What you will learn:
- The difference between sharp and fuzzy RDD
- How to visualize the running variable, the first stage, and the reduced form
- How to estimate the fuzzy RDD as 2SLS (IV) at the cutoff
- How to use rdrobust for bias-corrected robust inference
- How to assess sensitivity to bandwidth choice and polynomial order
Prerequisites: Familiarity with instrumental variables (2SLS) and basic RDD concepts (see the sharp RDD lab).
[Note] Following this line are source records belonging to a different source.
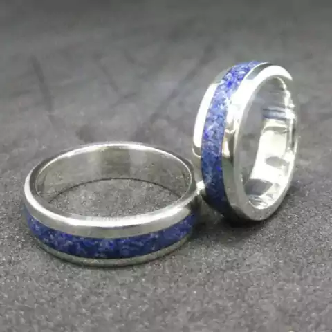 A aliança de prata com lápis-lazúli é uma joia feita de metal prateado e com uma pedra preciosa azul chamada lápis-lazúli. O anel é projetado para casamentos ou ocasiões especiais e é comumente usado como um símbolo de amor e compromisso. A cor azul do lápis-lazúli dá um toque de elegância ao anel.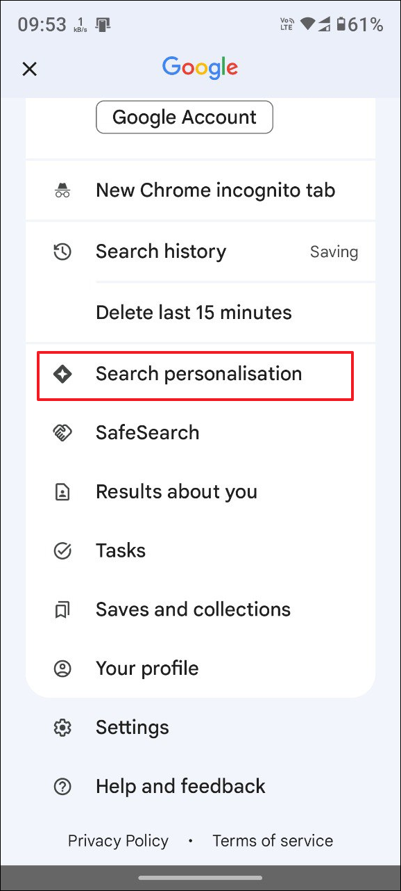 - Tap on 'Search personalization' in the pop-up menu.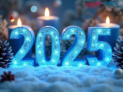 Szyszki, Niebieskie, 2025, Grafika, Nowy Rok, Cyfry, Åšnieg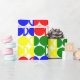 Ce papier d'emballage a une conception Bauhaus de cercles et de demi-cycles répétitifs en rouge, vert, bleu et jaune. Comme ce design mais veulent des couleurs différentes ? Message-moi.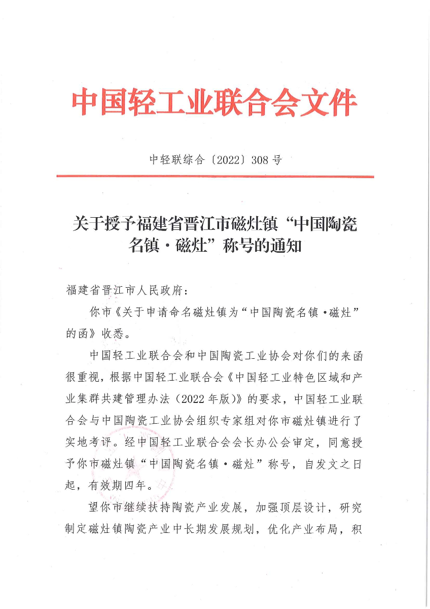 关于授予福建省晋江市磁灶镇“中国陶瓷名镇·磁灶”称号的通知

Step 1: Simulate Scholarship Eligibility Data
Students take an entrance exam (the running variable). Those scoring above 70 are eligible for a scholarship, but compliance is imperfect: some eligible students decline, and some ineligible students appeal successfully.
library(estimatr)
library(rdrobust)
library(modelsummary)
set.seed(42)
n <- 2000
exam_score <- round(rnorm(n, 70, 12), 1)
above_cutoff <- as.integer(exam_score >= 70)
prob_scholarship <- 0.15 + 0.65 * above_cutoff
dist_from_cutoff <- abs(exam_score - 70)
prob_scholarship <- pmin(pmax(
prob_scholarship + 0.01 * dist_from_cutoff * above_cutoff -
0.005 * dist_from_cutoff * (1 - above_cutoff), 0.05), 0.95)
scholarship <- rbinom(n, 1, prob_scholarship)
ability <- 0.02 * (exam_score - 70) + rnorm(n, sd = 0.5)
gpa <- 2.5 + 0.03 * (exam_score - 70) - 0.0005 * (exam_score - 70)^2 +
0.50 * scholarship + ability + rnorm(n, sd = 0.4)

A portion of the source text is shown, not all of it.